The purpose of the checkoff program is to develop and fund a program for research, industry information and consumer education along with efforts to keep and expand the current market for organic products, according to the proposal.

Once the comments are reviewed, the USDA has several options including adjusting the proposal and putting it back out for additional input or the topic could be brought to a vote to determine the amount of support the project has, said Batcha.

“There are a lot of comments already, and I expect more, so it will take them time [to review them],” she said. “If we could get to referendum in late 2017 or early 2018 that would be great, but these things do take time.”

Addressing research gaps and imports

The proposed checkoff program is one way to raise financial support for organic research, said Batcha.

Some of the research priorities of interest to organic producers include work on pest management for insects, fungi and weed, she said. “Compliance protocols for managing invasive species and insect pests are also noted high on the list,” she added.

Research also could cover plant seed breeding and animal breed trials, she said. “Because of the lack of chemical inputs, the seeds need to be bred with more robust disease resistance,” she added.

Additionally, there would be interest in economic research considering crop rotation cycles for the optimal production of feed grains, said Batcha. “And, the economics [of] profitability and transition – what are the choices that are made during the transition period that determine how long it takes you to reach profitability?

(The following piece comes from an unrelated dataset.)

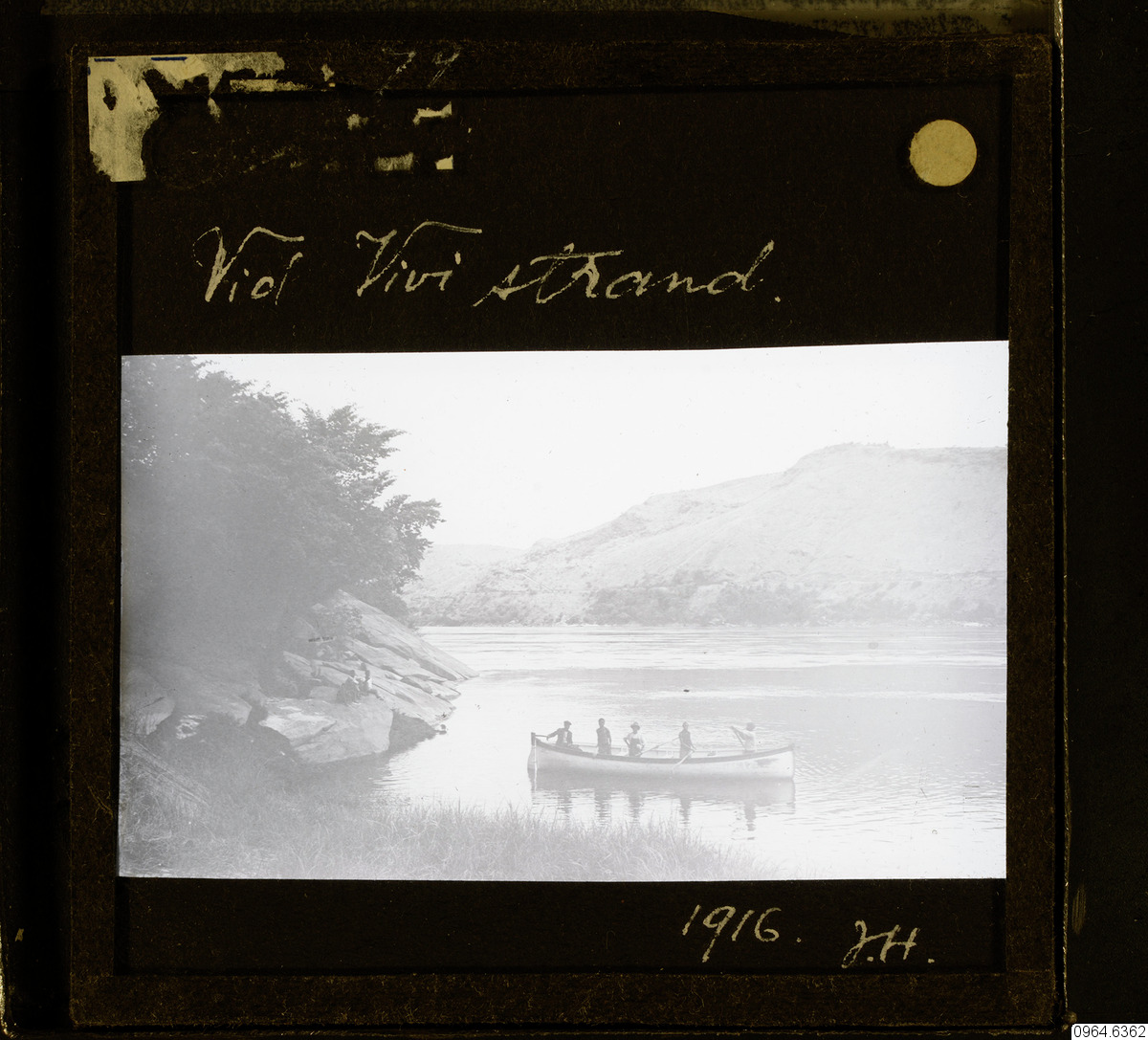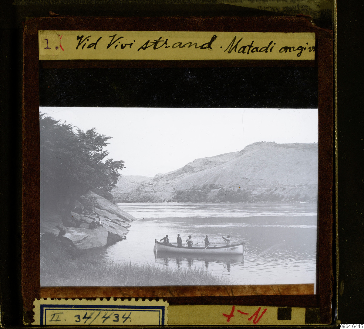 Londe båt vid Vivi strand. 1914. Londe, från 1926 Matadi, ligger 5 kilometer söder om Vivi, på den södra sidan av Kongofloden. J.H.

So people can plan for that and make good choices,” she added.

Thus far, the organic world has been growing outside of government support, said Lynn Clarkson, founder and owner of Clarkson Grain Company. But, the community has been struggling to complete research because funding is limited.

“I would like to see an independent source of money so we’re not dependent on Congress,” he told us.

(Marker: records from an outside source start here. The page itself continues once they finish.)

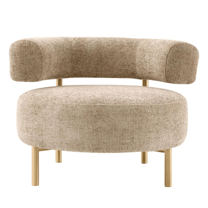 Fedezd fel a kifinomult luxus érzését a Thompson szövet fotel szoborszerű formájával. A hagyományos lounge fotelek újra gondolt változata. A kellemes tapintású kárpitozás és a matt sárgaréz lábak elegáns külsőt kölcsönöznek bármelyik helyiségnek. Teremtsd meg a modern elegancia pompás érzését a Thompson szövet fotel segítségével! Egyszerű kialakításának köszönhetően tökéletesen illeszkedik modern stílusú otthonokba.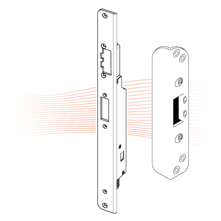 The MEDIATOR® linear electric strike has been especially developed for this lock solution. Manufactured to effeff's established high quality standards, it is available with fix adjustment. Different spacer plates to align the rebate clearance are available with the striking plate used. A sliding piece is available to bridge notches and unevenness in the profile.The MEDIATOR® linear electric strike is motor-driven and fulfils all the requirements for use in busy apartment doors.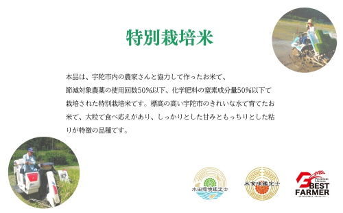 本品は、節減対象農薬の使用回数50%以下、化学肥料の窒素成分量50%以下で栽培された特別栽培米です。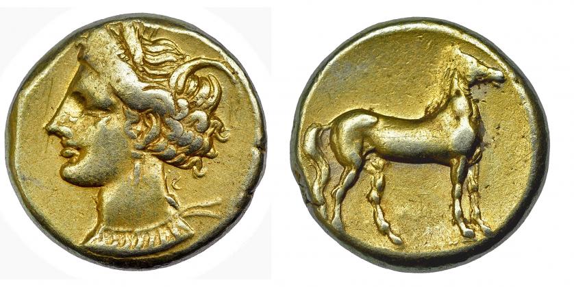 ZEUGITANIA. Cartago. Estátera electro. A/ Cabeza de Tanit a izq. R/ Caballo parado sobre línea a der. EL 7,5 g. J-299. MBC-.

Supporting research and the development and spread of best practices for organic feed grain producers could bring new farmers into organics and reduce the current reliance on imported feed grains, he said. The US continues to import a large portion of the organic corn and soybeans needed to make organic feed.

At the moment, if a major animal producer wanted to start an organic line and needed to know in advance that their feed needs would be met, they would likely rely on imported feed ingredients, he said. However, there continue to be concerns about the validity of imported organic grains.

“It’s important that the US develop more of its own production,” he said. “I think the buyer would be very friendly to a domestic production label.”

Additionally, the change to organic production can be intimidating for farmers who may need to reduce reliance on chemical inputs and face a multi-year transition period before they can complete the certification process, said Clarkson. “There would be a lot more farmers willing if they didn’t fear they would be losing money during the transition,” he added.

“There’s nothing really convenient about organic, you can’t sell it on every street corner, nor can you hedge it – it doesn’t have a correlation, it is its own supply-demand curve, and it moves differently and you leave your third-party support on fertilizers behind and that’s frightening,” he said. “It puts the farmer in a situation of more isolated responsibility for what going on on his farm, and it limits his number of tools to fight disease or insect attacks.”